Commenting on the envisaged food crisis, he said: “The President has said it is going to be worse than what we experienced recently and that we should brace ourselves for a food crisis. According to the Government’s numbers, which are fairly scary, 400,000 acres of paddy have been destroyed and so on. If you look at the area under paddy cultivation for the 2009/10 Maha season, you will see the five Districts of Anuradhapura, Polonnaruwa, Trincomalee, Batticaloa and Ampara produced exactly half of Sri Lanka’s entire harvest of paddy in the last season. If there is widespread destruction of paddy fields in those five districts, then I would assume that there is going to be some impact in the paddy harvest this season.”
Dr. De Silva noted that the last time the country went in to a food crisis, with inflation shooting up to 29.9%, the Government’s response was to change the Inflation Index. “There is speculation that it is contemplating this same move during the envisaged so-called crisis,” he added.
However, he noted that while the Government was calling on the people to prepare for a crisis on the one hand, Central Bank Governor Nivard Cabraal was presenting an entirely different scenario on the other: “Cabraal has said, as reported in the press over the last couple of days, that there will be no significant impact on prices due to the floods. He says there is an ample buffer stock of paddy and that the stocks will be released to the market and that there is absolutely no need for a monetary response with regard to the supply shock.”

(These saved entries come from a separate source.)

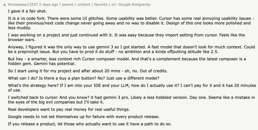2025 年 7 月,谷歌“收编” Windsurf 首席执行官 Varun Mohan 及其团队。仅仅 4 个月后的 11 月 18 日,他们就发布了面向 AI 驱动编码的 Antigravity IDE。这样的节奏可谓风驰电掣,但也几乎注定这款产品并不完美——上线没多久,用户吐槽就已经堆满了社交平台。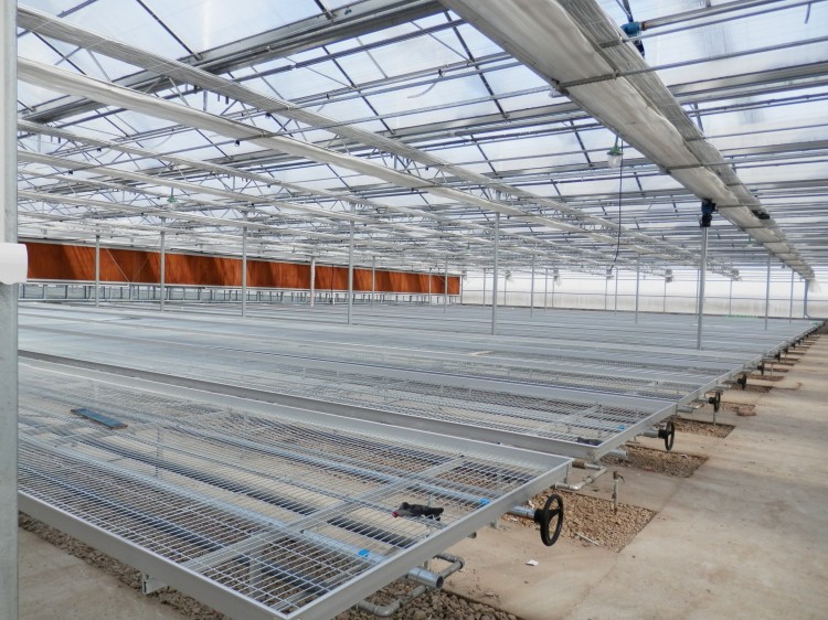 移动苗床标准高度0.75m,可以进行微调,标准宽1.65m,也可根据温室宽度定尺,长度可根据用户要求定作;移动苗床网网孔为13cm*3cm或12*2.5cm,丝径:3mm*4mm或3mm*3mm,移动苗床网表面处理为热镀锌,防腐性能高,承重能力好,寿命长;移动苗床为铝合金边框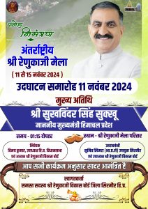 शिमला || 11 नवम्बर 2024 || जिला सिरमौर में आज अंतरराष्ट्रीय श्री रेणुका जी मेले का शुभारम्भ किया गया। इस अवसर पर मुख्यमंत्री ठाकुर सुखविंद्र सिंह सुक्खू ने ददाहू में भगवान परशुराम की पालकी को कंधा देकर शोभायात्रा की अगुवाई की।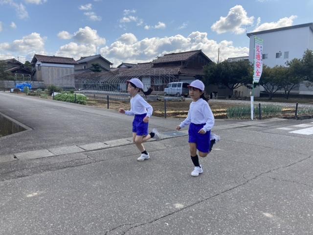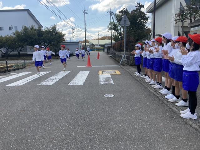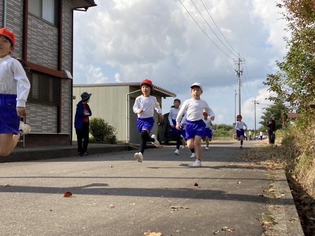 10月26日 マラソン大会に向けて練習しています。練習から本気でがんばることで、自分のがんばりタンクが大きくなります。仲間を本気で応援することで温かい心が大きくなります。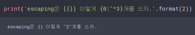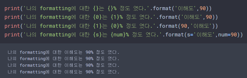형식만 조금 다를 뿐 % formatting과 거의 유사하다. formatting하고자 하는 위치들을 {}로 표현하며 index를 부여하거나 key 값을 부여하고, 해당 index 혹은 key에 들어갈 값들을 뒤에 달아준다.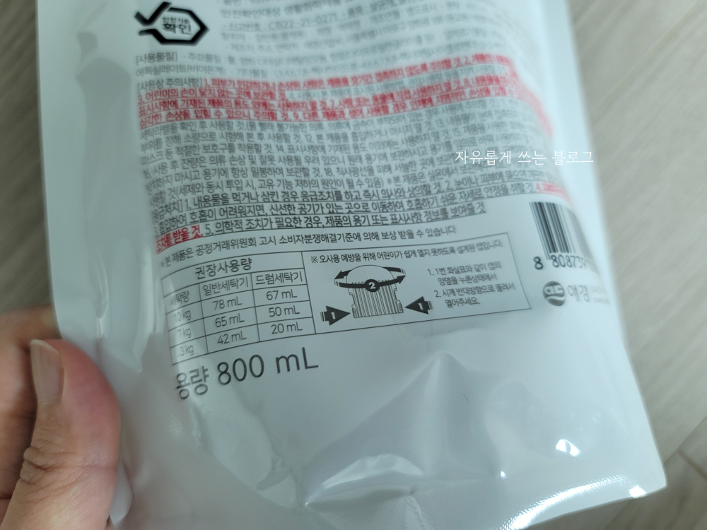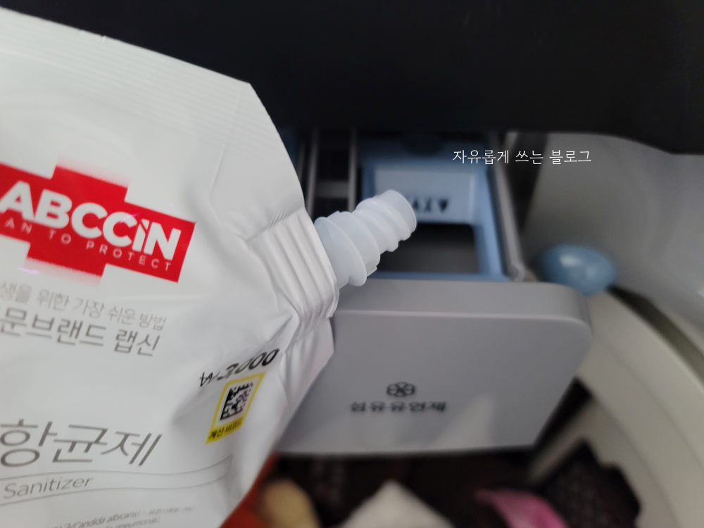 사용할 때는 섬유유연제 넣는 곳에 넣고 평소처럼 세탁기를 돌리면 됩니다.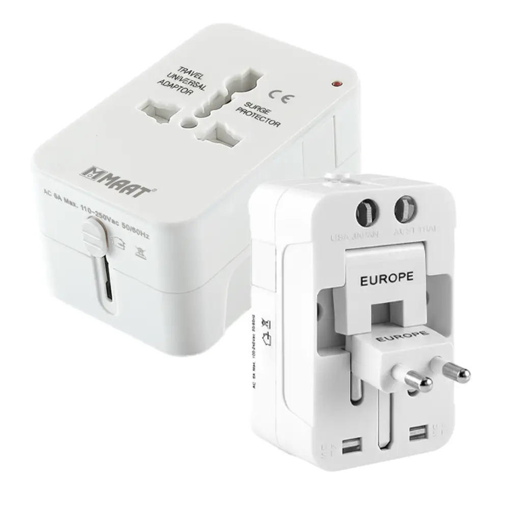 Beyond its role as a physical plug converter, the MAAT Universal Travel Adapter MET-722 serves as a robust High-Efficiency USB Power Interface. It is equipped with multiple high-speed USB ports, allowing users to charge smartphones, tablets, cameras, and power banks simultaneously alongside a primary AC device.1 This eliminates the need for carrying multiple wall bricks, as the MET-722 handles the energy distribution for your entire mobile ecosystem. The integrated smart-charging chip automatically identifies the connected device to deliver the optimal current, ensuring rapid replenishment of battery levels while maintaining the highest standards of energy efficiency.2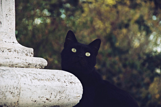 - This is a striking capture; the contrast of this black cat against the bleached pillar and the soft muted backdrop, along with its bright eyes, allows this cat to stand out. Beautifully captured and managed in post. ~ illona

“Now, ironically, in the last few years it is people like us who have been criticising the Government spokespeople who said inflation is not a supply-driven phenomenon. I have argued, written papers and spoken in public that it is a monetary phenomenon. Now suddenly the Central Bank is saying ‘yes, it is a monetary phenomenon’ and that this supply shock has no impact. On the other hand, different people in the same Government are saying something completely different. Here again we see absolute confusion as to the understanding of the problem that the Government is facing.”
Citing the case of exporters’ woes highlighted in newspapers in the recent past, Dr. De Silva said: “Exporters are saying they cannot deal with the appreciating rupee and are calling on the Government to do something to make them more competitive in the global market. In Parliament, the Government always says it will do something about it because we need the exporters. The Central Bank, on the other hand, is saying that there is no way in which the rupee will be depreciated and that it will continue to appreciate and therefore exporters have to look after themselves. Here again there is confusion, rising from the oxymoronic statements of the Government.”
Asserting that confusion reigned among the Government in understanding the economic problems it was facing, he added: “If you don’t understand the question, your solutions are not going to work. There is no point in giving cough medicine for a runny nose or a toothache, for example. That is the fundamental problem.”
Has poverty really halved?
While the Government’s stance is that the poverty level has halved, data just released by the Department of Census and Statistics shows that only nine districts out of 17 are above the national poverty line, revealed UNP Chief Economist and MP Dr. Harsha de Silva.
Addressing the media yesterday, he said: “What is significant is that if you go back to 2002, using the same data of the Department of Census and Statistics, nine districts were below the national poverty line then. If poverty has halved, how is it that after nine years only nine districts have average incomes that are above the poverty line now? Where is the improvement? If poverty has halved as the Government says, why are so many people below the poverty line?”